Start Magazin Was tun, wenn der LockScreen Sie selbst aussperrt?

Was tun, wenn der LockScreen Sie selbst aussperrt?

Hat der kleine Bruder, der Sohn oder die Tochter das Android-Gerät gefunden, und das Sperrmuster, den PIN bzw. das Passwort zu oft falsch eingegeben, hilft auch die korrekte Eingabe nicht mehr: Der Besitzer ist ausgesperrt.

Um bei Verlust oder Diebstahl die eigenen Daten nicht gleich in fremden Händen zu wissen, sollten Sie Ihr Smartphone oder Tablet mit einem PIN-Code bzw. über ein Muster sichern. Doch was tun, wenn man das Muster oder den PIN-Code vergessen hat oder wenn jemand aus Unwissenheit oder Dummheit zu oft das falsche Passwort/Muster eingegeben hat?

In über 90 Prozent aller Fälle können Sie sich dann einfach über den Button Muster vergessen und Ihr Google-Konto am Gerät anmelden und ein neues Muster einrichten bzw. das Muster erneut einrichten. Doch was tun, wenn kein Internet-Zugang vorhanden ist oder die Funktion über den Button nicht funktioniert? Wir stellen ein paar Workarounds vor, die je nach Hersteller, Smartphone und Android-Version sehr gut oder überhaupt nicht funktionieren. Testen Sie die hier beschriebenen Maßnahmen auf Ihrem Smartphone aus, um sicherzustellen, wie gut Ihr Smartphone wirklich geschützt ist!

Abbildung 1: Nach den ersten fünf Falschversuchen müssen Sie 30 Sekunden warten.
Abbildung 1: Nach den ersten fünf Falschversuchen müssen Sie 30 Sekunden warten.

Der Werkszustand

In einigen Fällen gibt es nach der mehrmaligen falschen Eingabe eines PIN-Codes oder eines Musters nur noch eine Möglichkeit, an das Gerät heranzukommen: Sie müssen es auf die Werkseinstellungen zurücksetzen. Dazu können Sie nicht wie auf Abbildung 2 zu sehen den passenden Menüpunkt in den Einstellungen aufrufen sondern müssen das Handy/Tablet ausschalten und mit einer bestimmten Tastenkombination einschalten (zum Beispiel [Leiser]-Taste gedrückt halten und dann den Einschaltknopf betätigen, etc). Welche Tastenkombination zum Erfolg führt, ist für die meisten Geräte im Internet dokumentiert, Sie sollten sich aber im Ernstfall besser direkt an den Hersteller wenden.

Wenn Sie Ihr Smartphone über diese Methode auf die ursprünglichen Einstellungen zurücksetzen, gehen dabei auch sämtliche Daten verloren, also alle Spielstände und Apps, die installiert waren. Die über das Google-Konto gesicherten Daten werden zwar beim Einrichten des Google-Accounts automatisch wieder auf das Gerät übertragen, aber es gibt immer ein paar Leichen, die man beim Backup vergessen hat und das nervt. Den Factory Reset sollten Sie also nur im Notfall wählen und im Problemfall immer zuerst versuchen über den Button Muster vergessen das Gerät zu entsperren.
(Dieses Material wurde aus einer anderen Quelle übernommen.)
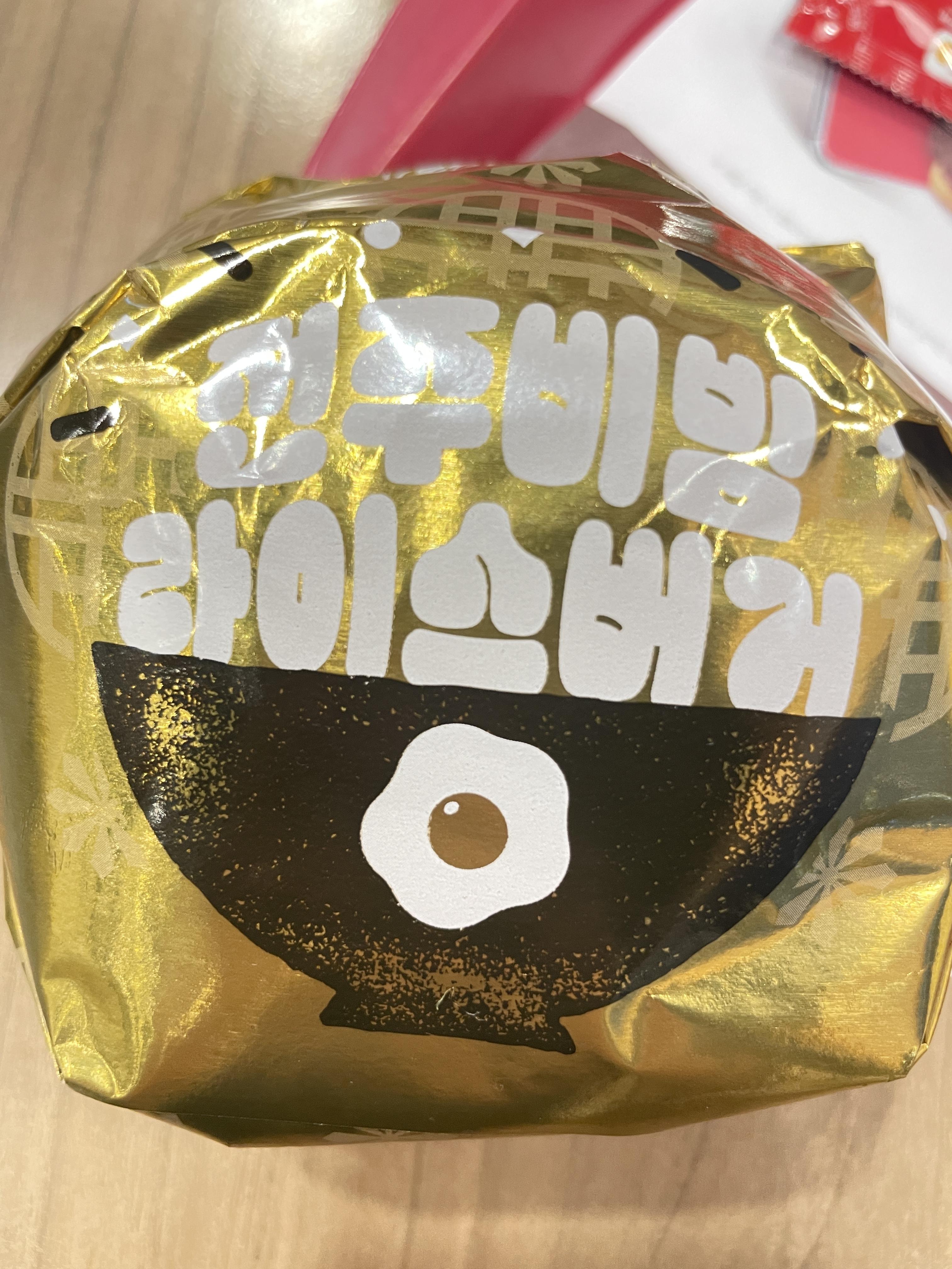 고급스러운 금색 포장지에 비빔밥이 생각나는 계란프라이, 큰 그릇이 그려져 있네요.

Abbildung 2: Beim Zurücksetzen auf die Werkseinstellungen gehen sämtliche Daten verloren.
Abbildung 2: Beim Zurücksetzen auf die Werkseinstellungen gehen sämtliche Daten verloren.

Muster vergessen

Sie haben sich ausgesperrt? Kein Problem. Klicken Sie einfach auf den Button Muster vergessen und geben Sie die zu Ihrem Google-Konto gehörende E-Mail-Adresse und das entsprechende Passwort ein. Falls eine Internetverbindung verfügbar ist, landen Sie nun automatisch im Dialog für die Bildschirmsperre und können ein neues Muster oder einen neuen PIN-Code einrichten. Tun Sie das nicht, dann bleibt das Gerät entsperrt und wechselt zum Standard-Lock-Screen. Dies ist die Standard-Lösung für das Problem und nur diese sollte bei Ihrem Android-Gerät funktionieren.

Abbildung 3: Ein Muster schützt Ihr Smartphone recht sicher vor unbefugtem Zugriff.
Abbildung 3: Ein Muster schützt Ihr Smartphone recht sicher vor unbefugtem Zugriff.

Zugriff via ADB

Neben dem Zurücksetzen auf die Werkseinstellungen und der Zurücksetz-Funktion von Google gibt es noch einen dritten quasi regulären Weg, um den Lockscreen bei einem Muster zu umgehen. Dieser funktioniert allerdings nur, wenn Sie auf dem Smartphone das USB-Debugging eingeschaltet haben und einen Rechner mit installiertem Android-SDK zur Hand haben. Sie können sich dann via ADB-Shell auf dem Smartphone einloggen und über den Zugriff auf die Muster-Datenbank das aktuelle Muster ausschalten. Anschließend trennen Sie das Gerät vom Rechner, schalten es aus und wieder ein. Das Muster ist danach verschwunden. Die benötigten Befehle, die Sie auf einem Rechner in der Kommandozeile ausführen müssen, zeigt Listing 1. Dieser Workaround funktioniert auf vielen gerooteten Smartphones und mit den meisten Custom-ROMs auch, wenn das USB-Debugging nicht aktiv ist (siehe Kasten)!

Vorsicht bei Root!

Bei vielen Custom-ROMs und auch bei einigen Herstellern ist das USB-Debugging im Recovery-Modus aktiv, wenn das Gerät gerootet ist. Beachten Sie dieses Sicherheitsproblem, falls Ihr Smartphone gerootet ist.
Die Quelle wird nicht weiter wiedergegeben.